Furusawa and his team found that 89 of the 95 samples of E. coli had developed resistance to the drug it had been exposed to. But more importantly, they discovered that the 95 strains could be clumped together into 11 broad groups. This provided strong evidence that their hypothesis was correct-that evolutionary pathways initiated by different stressors tend to converge to a few broad clumps. This finding implies that evolutionary trajectories are much less complex than they first appear.
The result didn’t come as a surprise to Furusawa, as his team had previously run theoretical simulations that predicted that they would converge. “This is what we’d expected since computer simulations suggested that the number of possible phenotypic changes will be constrained to a low number,” he says.
This demonstration has important implications for combating drug resistance in pathogens as it will allow researchers to predict in advance how drug resistance will develop, which could be vital
in developing countermeasures.
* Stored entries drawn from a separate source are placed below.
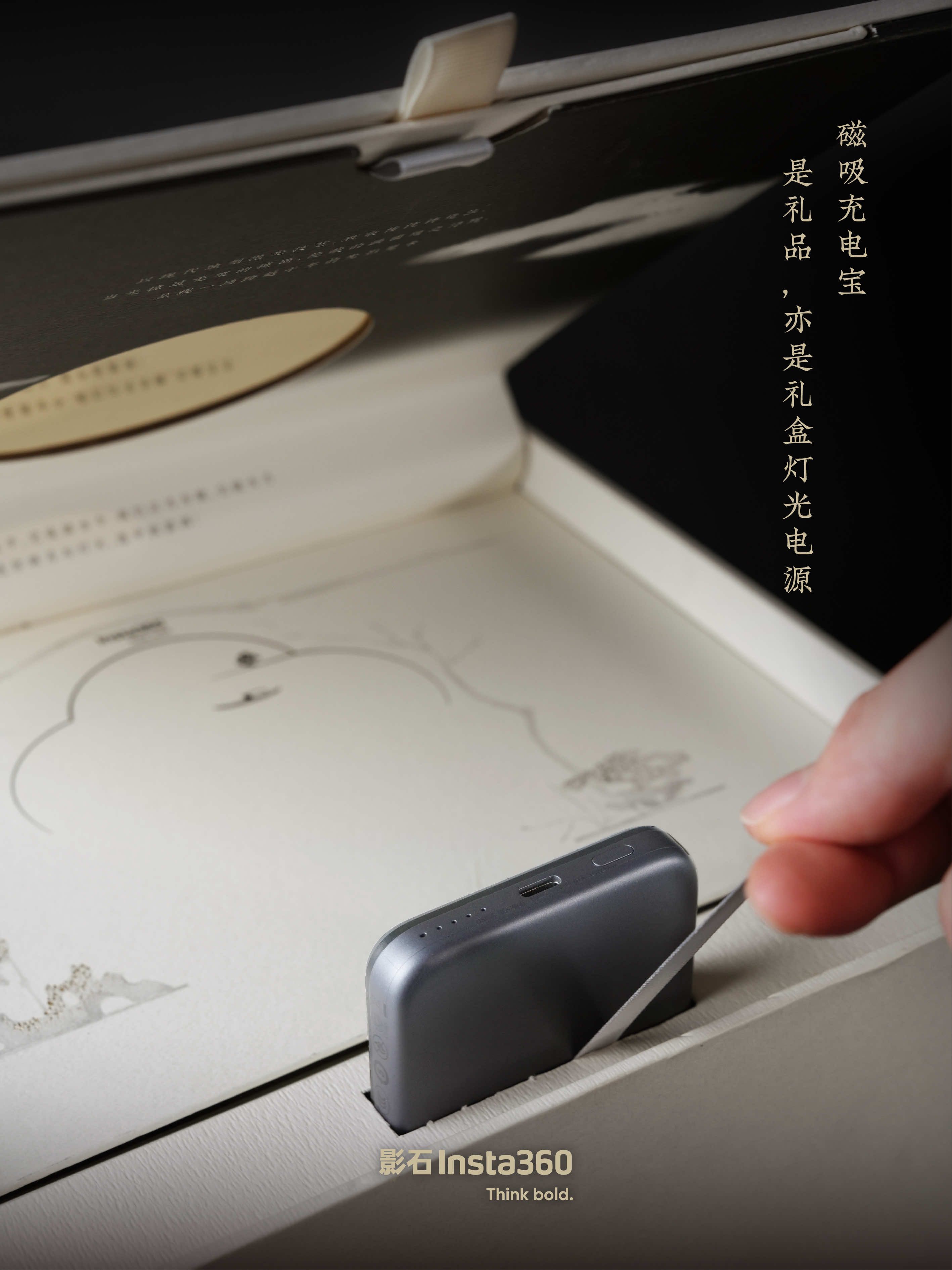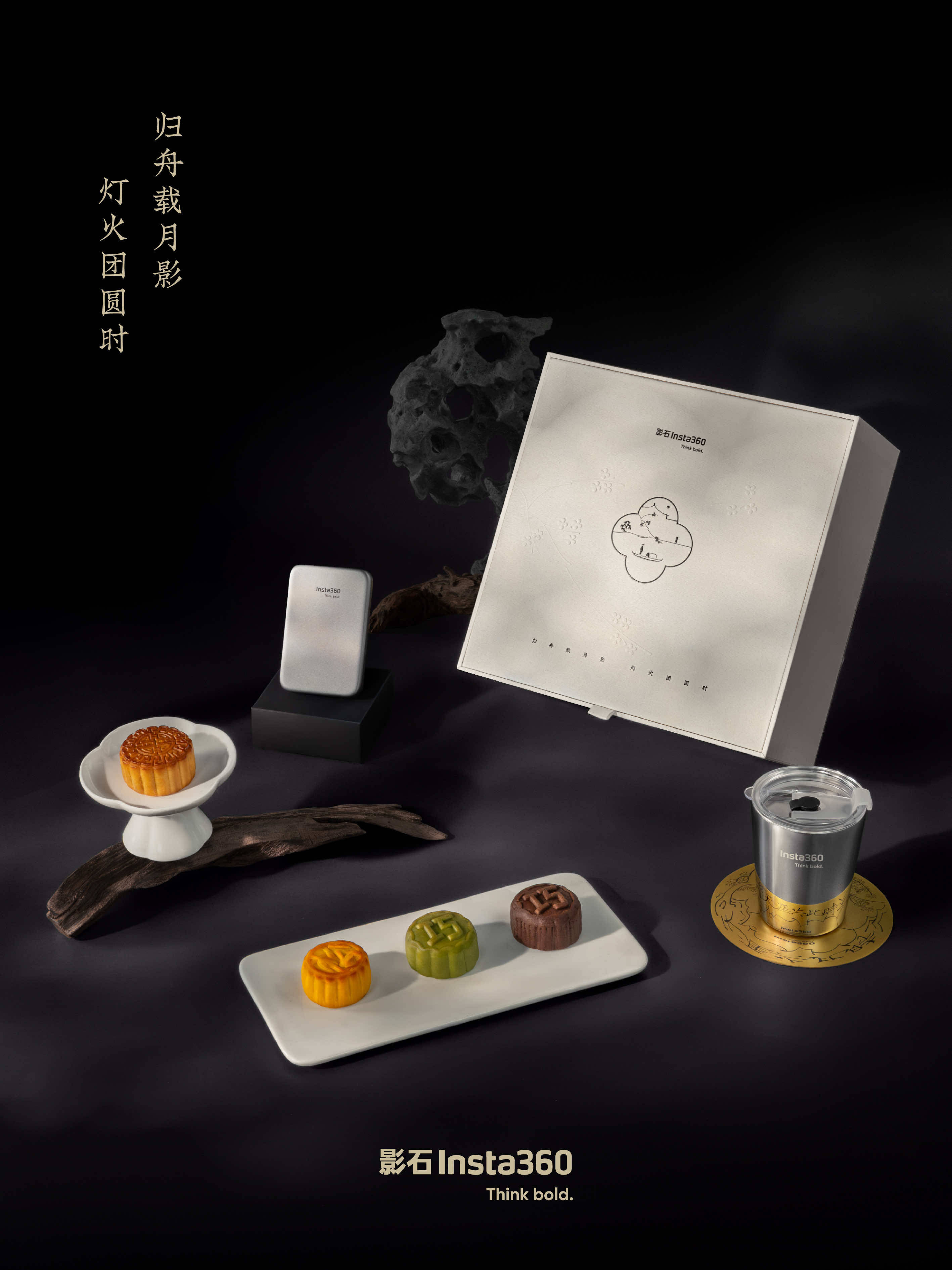 礼盒内含圆月杯垫、镜面杯、5000mAh磁吸充电宝,以及四款月饼。影石携手每日黑巧,推出低糖抹茶流心奶黄和脆皮流心巧克力两款创新口味。
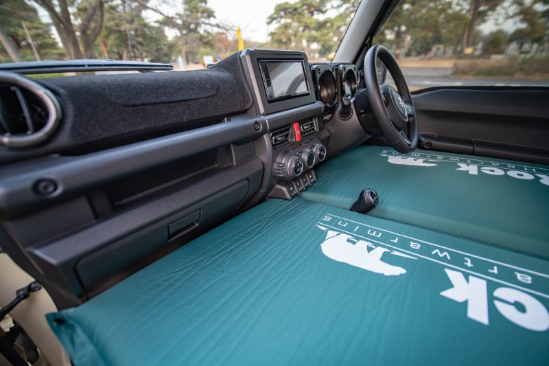 フロント側先端はこんな感じでピッタリフィットします。Fit Keeperにはウレタンがこの8cmモデルの他に10cmモデルもあるようですが、ジムニーの場合には8cmがギリギリですね。10cmだと恐らくこのあたりのフィッティングが悪くなりそうです。その代わりと言ってはなんですが、ぴょこんと飛び出したマニュアルシフトのレバーがもう少し埋まる感じになるでしょうから、車中泊時の寝返りで足がゴリゴリする可能性は減りそうです。
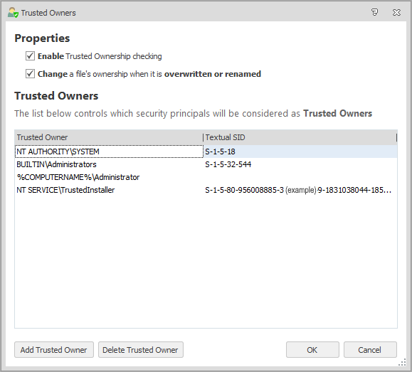 During the rule matching process, Trusted Ownership checking is performed on files and folders to ensure that ownership of the items is matched with the list of trusted owners specified in the default rule configuration.
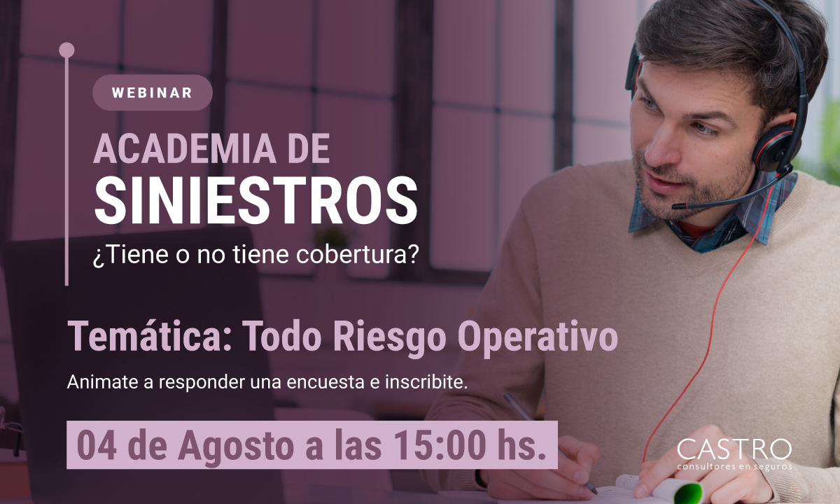 El miércoles 4 de agosto, Castro Consultores realizó exitosamente una nueva presentación de Academia de Siniestros. Se trata de un ciclo de webinars en los que se comparten respuestas a las dudas acerca de si algunos hechos que derivan en siniestros están o no cubiertos.
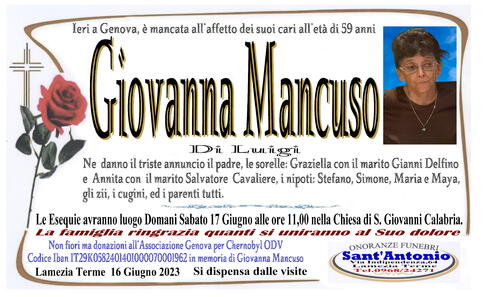 Ne danno il triste annuncio, il padre, le sorelle: Graziella con il marito Gianni Delfino e Annita con il marito Salvatore Cavaliere, i nipoti: Stefano, Simone, Maria e Maya, gli zii, i cugini ed i parenti tutti.
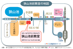 ※金剛駅からバスをご利用いただけますと、泉が丘方面行きバスの第1停留所が「北村」で降りていただけますと目の前がロボクリエーション(狭山池前ロボット教室)です。
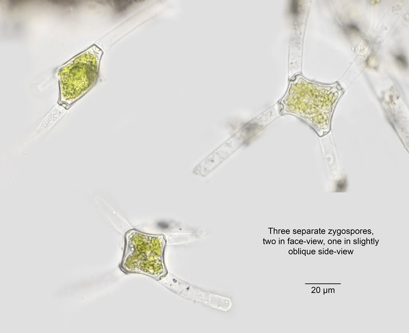 First described by Kützing as Staurospermum viride but that genus does not appear to have been designated. It was moved to Mougeotia by Wittrock (1872: 39). John et al. (2011: 586) record it as cosmopolitan and one of the most abundant Mougeotia species in the British Isles. The zygospore is quadrate with concave sides.
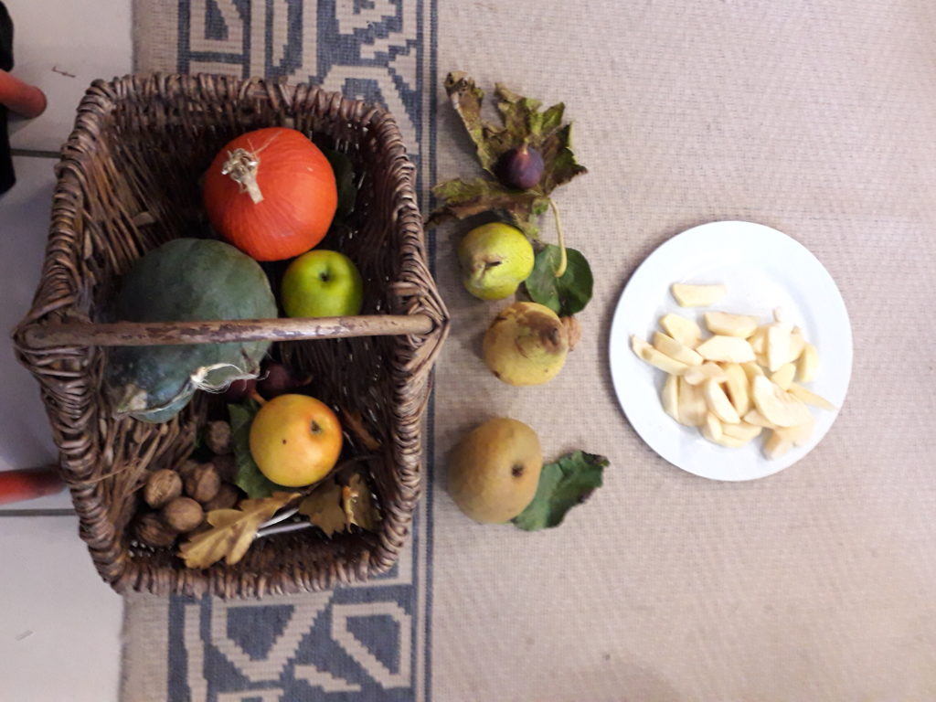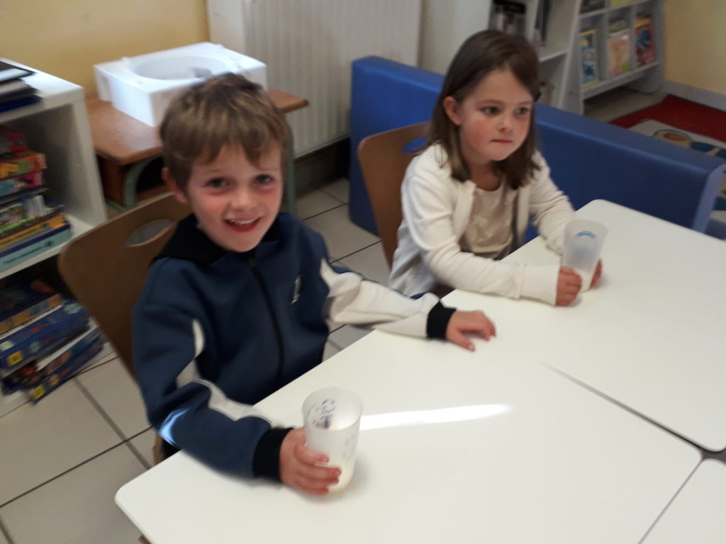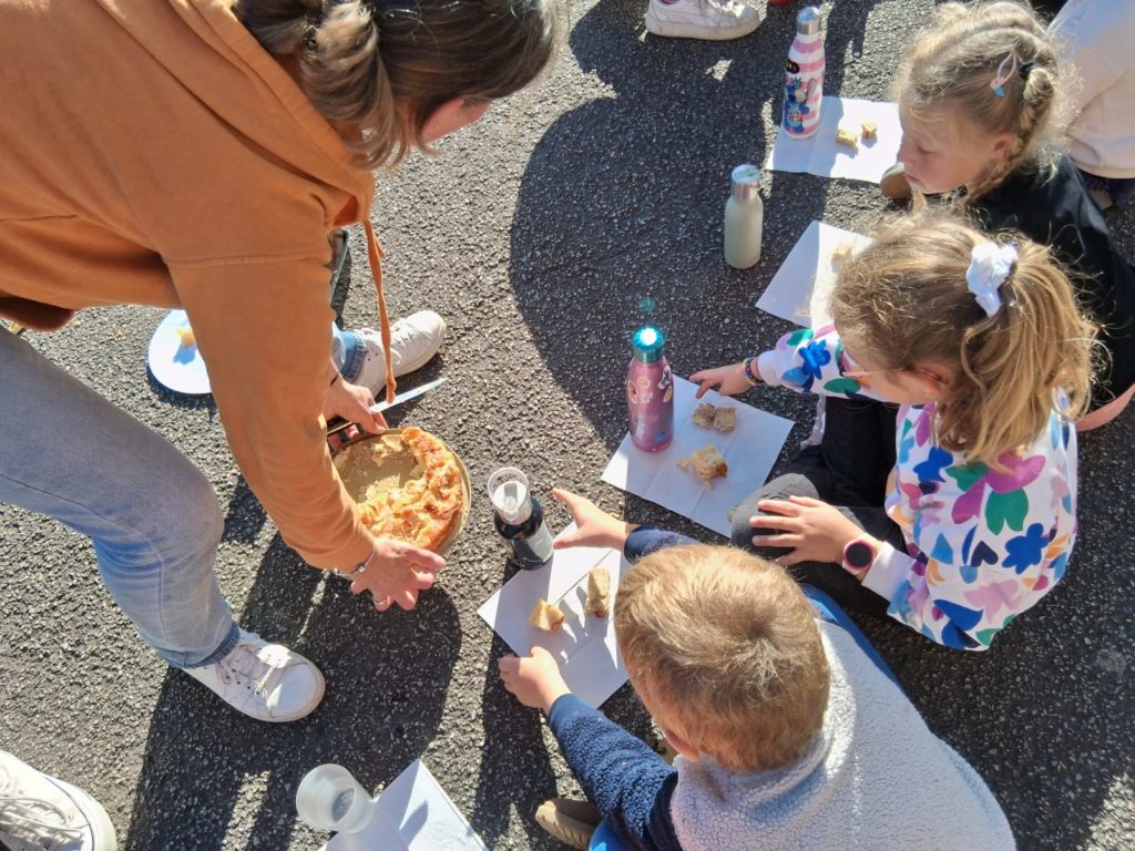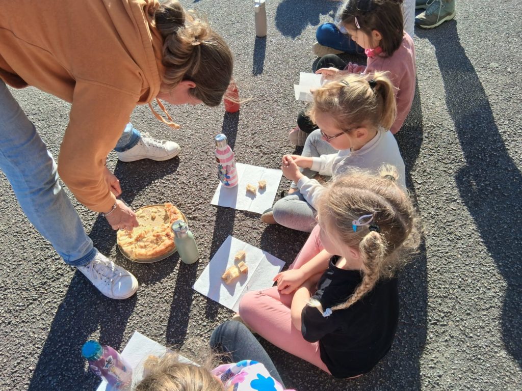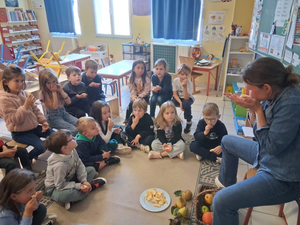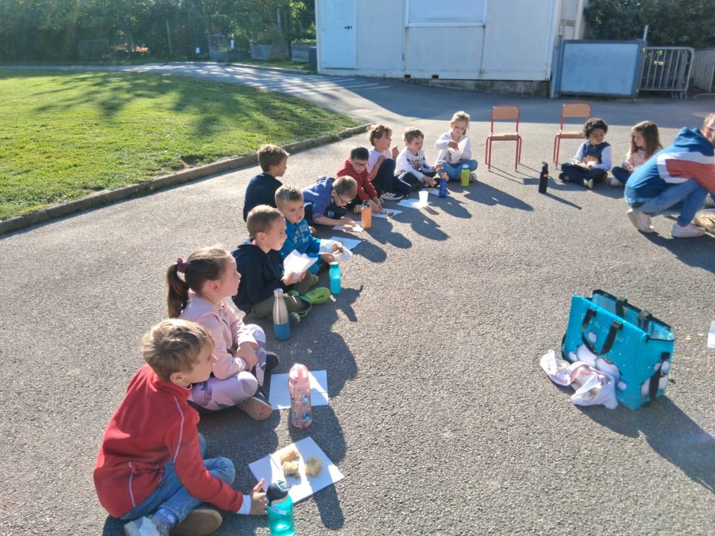 DU 13 AU 17 OCTOBRE, on a eu la chance de découvrir, et de déguster des aliments bretons: le lait, la pomme, la farine de sarrasin et le beurre bien sûr! Les enfants ont utilisé leurs 5 sens et leurs saveurs. Ils ont pris le temps de déguster, goûter en se concentrant sur ce qui se passe dans la bouche. On a découvert aussi qu’avec le lait on fait du beurre, des yaourts et des crèmes. Ils ont fabriqué du beurre avec la crème. Ils ont découvert la farine de sarrasin: elle est marron!! On a revu la pomme provenant du pommier. Avec ces bons ingrédients bretons, le jeudi 16 octobre , ils ont fait les petits cuistots avec leur tablier!! Ils ont réalisé 2 gâteaux: un cake à la pomme et aux galettes de sarrasin, et un far breton au sarrasin.

But beyond that, it may also allow scientists to steer the course of evolution. “We are now actually trying to control the evolutionary dynamics by dynamically changing the selection pressure,” says Furusawa. This ability to funnel evolution pathways in certain directions could find application in the bioengineering industry, which uses microbes to produce a wide range of useful products.
Lab robots speed-up evolution
© 2021 RIKEN
What set the team’s experiment apart was its sheer scope and scale. “Many studies on experimental evolution have been done using only a few antibiotics, but we have greatly expanded the number of stressors,” says Furusawa. “We tried to comprehensively understand the evolutionary dynamics of the E. coli response to stress.”
This was only possible due to a fully automated experimental system that uses robotics to handle the samples. It permits laboratory evolution to be simultaneously conducted on up to 700 strains. The system took Furusawa’s team about a decade to develop and they had many initial teething problems. But this study has demonstrated its power to stimulate evolution in the lab on a scale never achieved before. “As far as we know, it has the highest throughput of any lab evolution system in the world,” Furusawa says. The team is now planning to explore systems made up of multiple species of bacteria, which seeks to mirror what happens in our guts and other sites of bacterial interaction.
- 1. Maeda, T., Iwasawa, J., Kotani, H., Sakata, N., Kawada, M., Horinouchi, T., Sakai, A., Tanabe, K. & Furusawa, C. High-throughput laboratory evolution reveals evolutionary constraints in Escherichia coli.
Nature Communications 11, 5970 (2020). doi: 10.1038/s41467-020-19713-w
About the researcher
Chikara Furusawa, Team Leader, Laboratory for Multiscale Biosystem Dynamics, RIKEN Center for Biosystems Dynamics Research
Chikara Furusawa received his Ph.D. from the University of Tokyo in 2000. His thesis focused on computational modeling of multicellular
development. He launched his own lab at the RIKEN in 2011. The Laboratory for Multiscale Biosystem Dynamics at the RIKEN Center for Biosystems Dynamics Research now focuses on revealing evolutionary dynamics by integrating highthroughput experiments, data science and
theoretical analysis. In 2011, he received the Nishinomiya-Yukawa Memorial Prize and The Young Scientists’ Prize from Japan’s MEXT.